Warsaw is an intriguing place situated at the intersection of two historical, geographical and cultural axes: the East-West one is symbolically intersected by the Vistula River, whereas the North-South axis is represented by the amber route. The spirit of humanism has been present here since the times of the father of the Polish poetry – Jan Kochanowski. The architecture of the capital was the work of Italian Enlightenment artists (which is reflected in the reconstructed silhouette of our school and the theatre building). Apart from the impact of the Mediterranean and southern cultures, the city has been influenced by the northern protestant traditions (works by the seminal figure of fantastic literature E.T.A. Hoffman were conceived here) and achievements of great theatre reformers from both East and West. Ideas of Konstantin Stanislavski met here with concepts of Bertold Brecht, Edward Gordon Craig and the French theatre. Works by Juliusz Osterwa, Ryszard Bolesławski, Leon Schiller and, in later years, Konrad Swinarski or Jerzy Grzegorzewski were created here. Recent years have brought artistic encounters with Jacques Lassalle and Eimuntas Nekrošius. Poland of the 20th century, particularly affected by the experience of wars and the Holocaust, has presented to the world the avant-garde theatre of Jerzy Grotowski and Tadeusz Kantor. Today our country is an incredibly dynamic place in Europe, where rapid social and economic changes take place.
The Aleksander Zelwerowicz Theatre Academy, situated right in the heart of Warsaw and in Białystok, is, by global standards, a relatively small college, with no more than 400 students. It is an autonomous state school, offering Masters programmes for students of acting, puppetry, directing and theatrology. We consider our institution a place where teaching craft is paired with humanistic reflection. Apart from its artistic events, the Academy organises conferences and holds publishing and scientific activities. Drawing from more than two hundred years of artistic education in Warsaw, we are trying to stay open to the latest trends and phenomena occurring in the European and world art. Our graduates are prepared to work not only in repertory and independent theatres, but also TV and film. The Academy is a hotbed for talents, space for experiments, artistic risk and debates on contemporary problems. We cooperate with numerous foreign schools, organise students and teachers’ exchange, participate in festivals both in Poland and abroad, and hold membership in organisations associating artistic schools. Moreover, every second year we host the International Theatre School Festival ITSelF and the International Festival of Puppet Schools LALKANIELALKA.

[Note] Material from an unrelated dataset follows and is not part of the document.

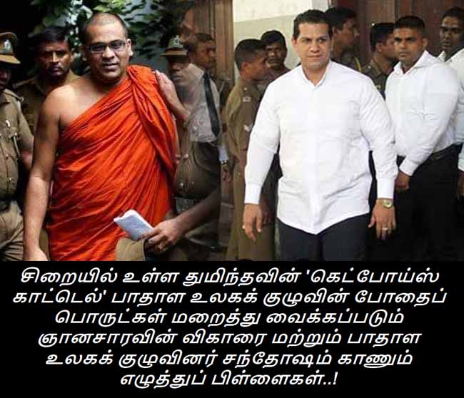 (லங்கா ஈ நியூஸ் 2020 பெப்ரவரி 17 பிற்பகல் 11.30) அண்மையில் லங்கா ஈ நியூஸ் இணையத்தளம் வெளியிட்ட 'ஜனாதிபதி நந்தசேனவின் கண்ணுக்குப் படாத குடு துமிந்த மற்றும் தெமட்டகொட சமிந்த ஆகியோர் வழிநடத்தும் 'கெட்போய் காட்டெல்' பாதாள உலகம்..!' என்ற தலைப்பின் கீழான ஜெயிலர் பொட்டாவின் செய்தியை அடுத்து சிறைச்சாலையில் போதைப்பொருள் வியாபாரம் செய்யும் குழு மற்றும் அதற்கு உந்துதல் அளிக்கும் இலங்கையின் ஊடக மாபியாக்கள் கலக்கத்தில் உள்ளன.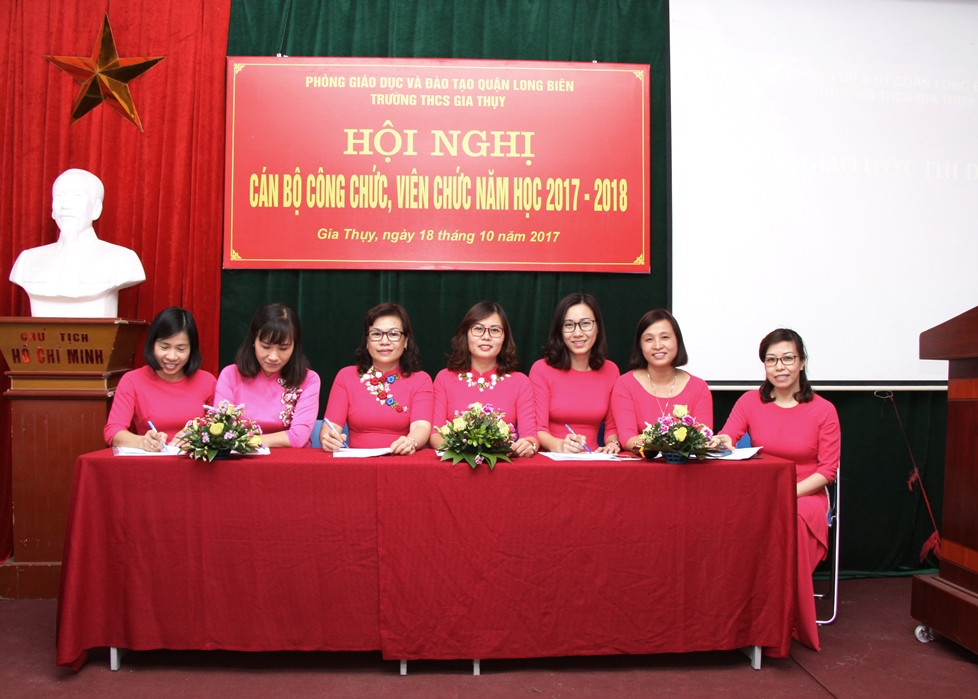 Ngày 18 /10/2017, được sự đồng ý của Liên đoàn Lao động quận và Chi bộ trường THCS Gia Thụy, Thủ trưởng đơn vị và công đoàn Trường THCS Gia Thụy tổ chức hội nghị viên chức và phát động thi đua năm học 2017 - 2018 với tinh thần dân chủ, thẳng thắn và xây dựng.

Our students and professors’ works can be seen worldwide – from Lima to Saint-Petersburg, Beijing to the London Globe, from New Delhi to Mexico. We promote Polish culture abroad in close cooperation with such institutions and organisations as the Adam Mickiewicz Institute, the National Theatre, the European Union of Theatre Schools and Academies, the Platform for European Theatre Academies, Polish Culture Institutes, the Zbigniew Raszewski Theatre Institute, Erasmus Plus programme.

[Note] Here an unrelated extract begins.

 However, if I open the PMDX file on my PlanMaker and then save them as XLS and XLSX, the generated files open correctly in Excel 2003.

In 1754 the Collegium Nobilium school of Piarist monks was founded here, which educated magnates’ sons and wealthy gentry. In those days the theatre was supposed to not only provide entertainment, but also to educate the society. Many Polish premieres of plays by Corneille, Molière, Racine and Voltaire were staged here. It turned out to be the school’s success – much was said and written about ‘common contentment of manifold spectators’.